Posted by Larry Hoover on July 19, 2004, at 10:13:45

In reply to I don't know how to handle this, posted by mair on July 18, 2004, at 21:46:36

> Please bear with me - I need some advice.
> Last night I went to take my usual bedtime cocktail (WB, Amiltriptyline and klonopin) and I noticed that a whole bottle of klonopin had disappeared. The prescription was about 2 weeks old I think and there were probably 20-25 pills, I'm guessing. I had it the night before. I turned my bathroom upside down, and although I can't ever recall taking it out of my bathroom, I searched pretty hard in my adjacent bedroom and in my handbag. There are only 3 alternatives I can see, and they all stink. Either I'm more forgetful and addled than even I think I am in the worst of times, or someone in my house took them (I have spouse, 2 teenagers and a couple of houseguests) or someone walked into my perpetually unlocked house while we were all at the movies and took them.

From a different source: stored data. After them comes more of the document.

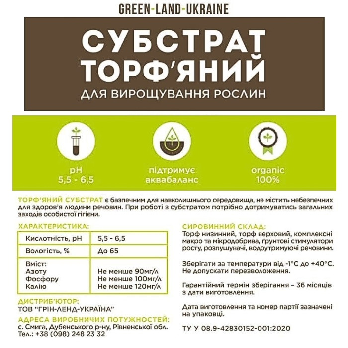Склад: торф низинний, торф верховий, комплексні макро та мікродобрива, ґрунтові стимулятори росту, розпушувачі, водоутримуючі речовини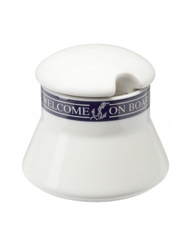 Deze suikerpot met deksel zal prachtig staan bij jou aan tafel of in jouw keuken. Deze suikerpot met 'Welcome On Board' tekst komt uit de serie van Welcome On Board en is gemaakt porselein. Tevens is hiervan ook een mooie Melkkan te bestellen.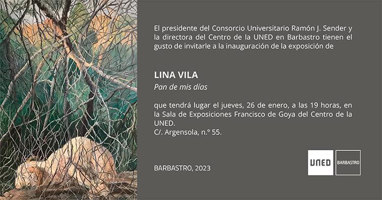 Lina Vila nace en Zaragoza en 1970. Estudia bellas Artes en Barcelona donde se licencia en 1994. Realiza el postgrado: “El dibujo como instrumento científico” y el postgrado: “La obra gráfica hoy: de la impronta grabada a la impronta digital” en la Universidad de Barcelona. Obtuvo la beca de Artes Plásticas “Casa de Velázquez” de 2002 a 2004. Ha realizado numerosas exposiciones individuales y colectivas en España, Italia, Alemania, Portugal y Francia. Actualmente trabaja con la galería La Casa Amarilla en Zaragoza. Su trabajo se ha basado desde sus inicios en una reflexión sobre la fugacidad y la fragilidad del ser humano llevado a cabo a través de distintas técnicas y procedimientos como el dibujo, la pintura, el grabado, la fotografía o la instalación.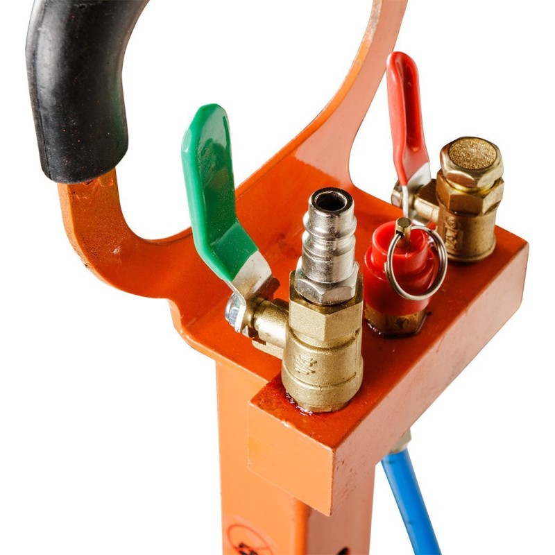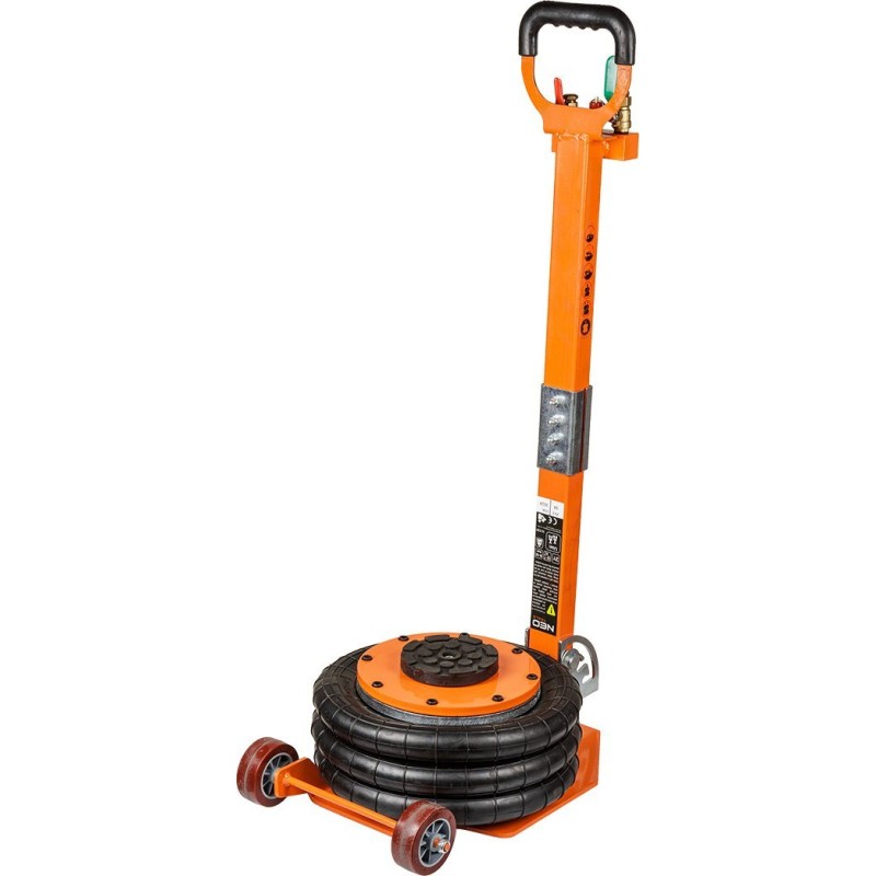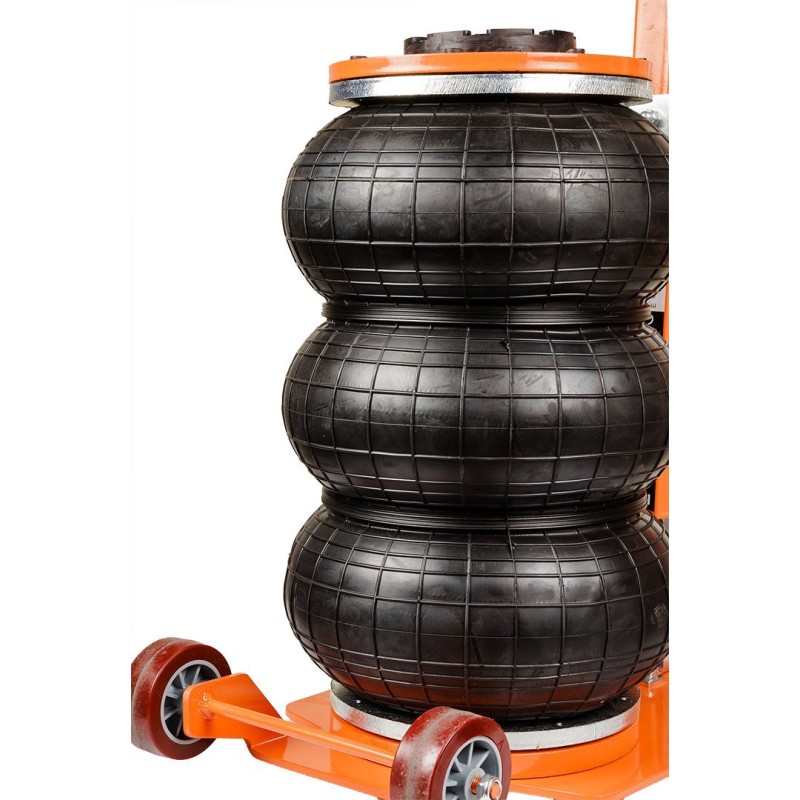 Pneumatischer Heber, maximale Tragkraft 3 t, Höhenbereich 145–420 mm, Durchmesser des Zylinders 270 mm, Betriebsdruck 6–12 bar, Gesamtgewicht 16,5 kg, zwei Rollen im Lieferumfang enthalten, Stahlkonstruktion.

If you're going to have to see a doctor to get more klonopin, I would tell him/her exactly what you just did here. I would think that if you do not have a history of such unexplained events, there shouldn't be any problem. You'll likely have to pay for them, though.

As to point one, above, your search and the nature of habit itself would tend to rule out your own behaviour as a cause for the disappearance.

As to point two, I know people who absolutely 100% of the time go through other people's medicine cabinets. I also know that young people today are rather pharmacologically aware. You can't do much about the houseguest issue (other than not leaving meds in such a place; you shouldn't anyway, due to the heat and humidity generated from bathing). But the kids deserve a family meeting. Not accusatory. A talk about prescription meds, risks therefrom, and the danger created by yours going missing. Who knows, one of the kids might just "find" them, lying around.

As to point three, I think the answer is obvious, although locked doors only keep honest people out. At least a broken lock means your insurance will be valid. Without that evidence, you're self-insured. It would also be remarkable that a thief would only have stolen your klonopin.

> This is distressing in the extreme, and I sort of think I may never know what happened unless I happen to trip over them some day. However, selfishly my most immediate problem is how to replace them. I take very little klonopin but it's frequently pretty essential if I want to sleep.
> This prescription was so new, I'm a ways off from a refill. I'm assuming my insurance won't cover more since I shouldn't have run out. I can quite figure out what to tell my pdoc, and I can't imagine what she's going to think - is she likely to refill this when I have no adequate explanation as to what happened to them?

If you give the doctor some assurances that you will take steps to protect your drugs from disappearing, I would imagine you'll have no trouble getting them replaced. Maybe your insurance even covers such incidents, if they are rare.

> Any advice as to how to handle this would be greatly appreciated.
> mair

I'm sorry you're having to face these issues of trust and faith.